(Stored items from a collection)
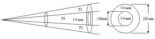The inverse square law says when you double the diameter; the area will increase by 4 times. This work for us and we can take a shot in ¼ of the time. But if we double the magnification, we will double the F ratio and we will be back were we started, because we will be looking at an area of sky that is only ¼ of the size, which would contain ¼ of the light. See diagram below.
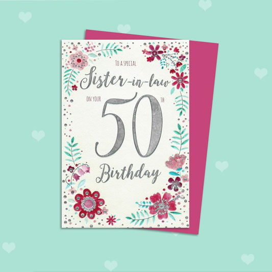 Sister-In-Law 50th Birthday Card - Floral Border
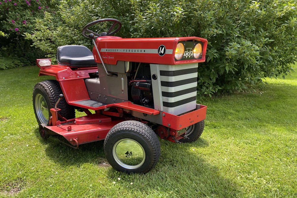 Il dispose d'un monocylindre Kohler de 14 chevaux. Seul le MF 16 de 16 chevaux le dépasse dans cette gamme. Les MF 14 et MF 16 sont des tracteurs de jardin et ont une conception robuste, surdimensionnée par rapport aux modèles inférieurs. On le voit d'ailleurs à la taille des ponts et des supports de bras du relevage arrière, en option.
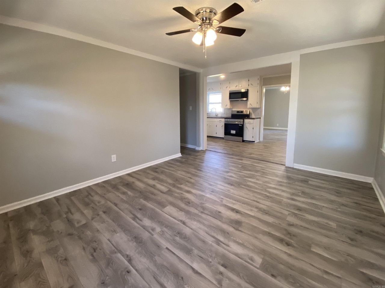 Remodeled 3 bedroom, 1 bath home with carport and shop. New windows, flooring, and appliances, including fridge. Shop with overhead door. A gas water heater, and gas central heat. Ceiling fans in all bedrooms. This home has vinyl siding, with architectural shingles.
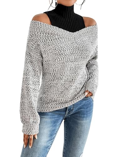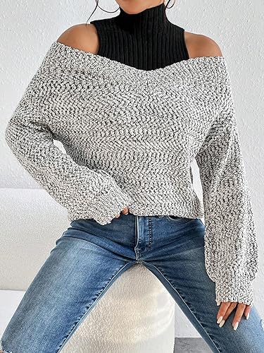 HOT ! GORGLITTER Women's Cold Shoulder Long Sleeve Oversized Patchwork Sweater Trendy High Neck Fall Cozy Chunky Sweater Top
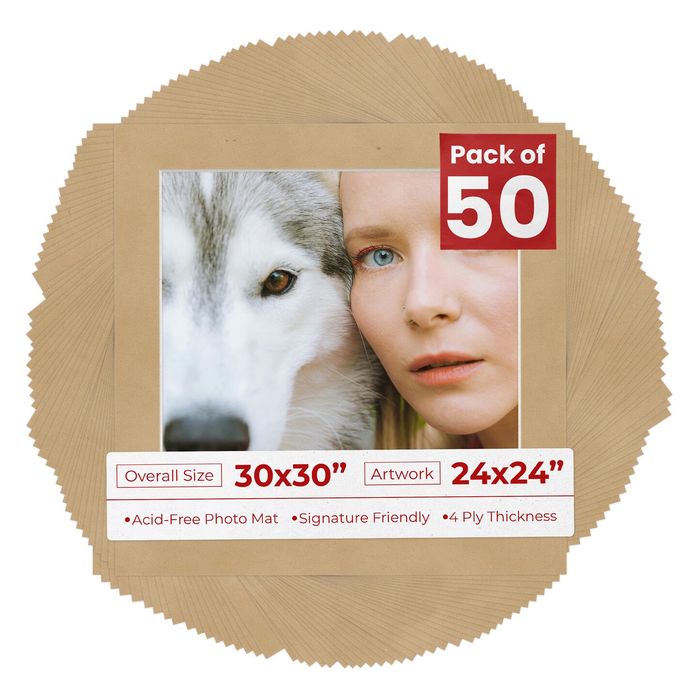 Beige Suede Mat Board for 30x30 Frames - Fits 24x24 Photos
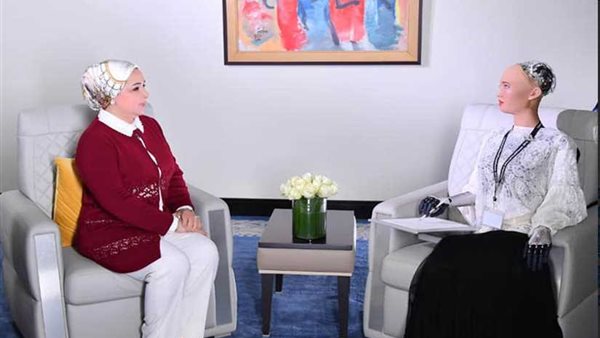 "أحببت قدراتها".. قرينة الرئيس السيسي تلتقي "الروبوت صوفيا"
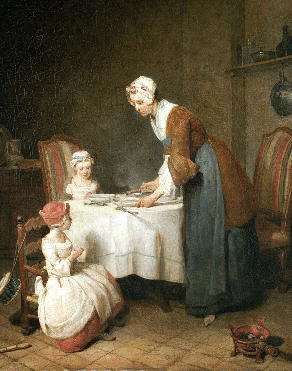 18세기 특유의 가족의 부드러움을 가미시킨 그의 작품은 교훈적인 무거움이나 과도한 감상은 보이지 않습니다. 조용하고 평화로운 분위기는 가라앉은 색 구성과 조용한 조명에 의해 더 강조됩니다. 샤르댕은 그의 그림들의 다양한 요소들의 배열에 많은 노력을 기울였습니다. 구성은 세밀하고, 세 인물의 삼각형 구조에서 만들어진 안정성 또한 그 장면의 고요함을 더합니다. 이 작품은 당시 루이 15세에게 선물로 바쳐졌고, 왕의 사망 이후 잊혔다가 1845년 재발견됩니다.

» **EXERCISE**: What is needed is a verbatim copy of every entry, with the pictures omitted.

» **SOLUTION**:
The inverse square law says when you double the diameter; the area will increase by 4 times. This work for us and we can take a shot in ¼ of the time. But if we double the magnification, we will double the F ratio and we will be back were we started, because we will be looking at an area of sky that is only ¼ of the size, which would contain ¼ of the light. See diagram below.
 Sister-In-Law 50th Birthday Card - Floral Border
 Il dispose d'un monocylindre Kohler de 14 chevaux. Seul le MF 16 de 16 chevaux le dépasse dans cette gamme. Les MF 14 et MF 16 sont des tracteurs de jardin et ont une conception robuste, surdimensionnée par rapport aux modèles inférieurs. On le voit d'ailleurs à la taille des ponts et des supports de bras du relevage arrière, en option.
 Remodeled 3 bedroom, 1 bath home with carport and shop. New windows, flooring, and appliances, including fridge. Shop with overhead door. A gas water heater, and gas central heat. Ceiling fans in all bedrooms. This home has vinyl siding, with architectural shingles.
 HOT ! GORGLITTER Women's Cold Shoulder Long Sleeve Oversized Patchwork Sweater Trendy High Neck Fall Cozy Chunky Sweater Top
 Beige Suede Mat Board for 30x30 Frames - Fits 24x24 Photos
 "أحببت قدراتها".. قرينة الرئيس السيسي تلتقي "الروبوت صوفيا"
 18세기 특유의 가족의 부드러움을 가미시킨 그의 작품은 교훈적인 무거움이나 과도한 감상은 보이지 않습니다. 조용하고 평화로운 분위기는 가라앉은 색 구성과 조용한 조명에 의해 더 강조됩니다. 샤르댕은 그의 그림들의 다양한 요소들의 배열에 많은 노력을 기울였습니다. 구성은 세밀하고, 세 인물의 삼각형 구조에서 만들어진 안정성 또한 그 장면의 고요함을 더합니다. 이 작품은 당시 루이 15세에게 선물로 바쳐졌고, 왕의 사망 이후 잊혔다가 1845년 재발견됩니다.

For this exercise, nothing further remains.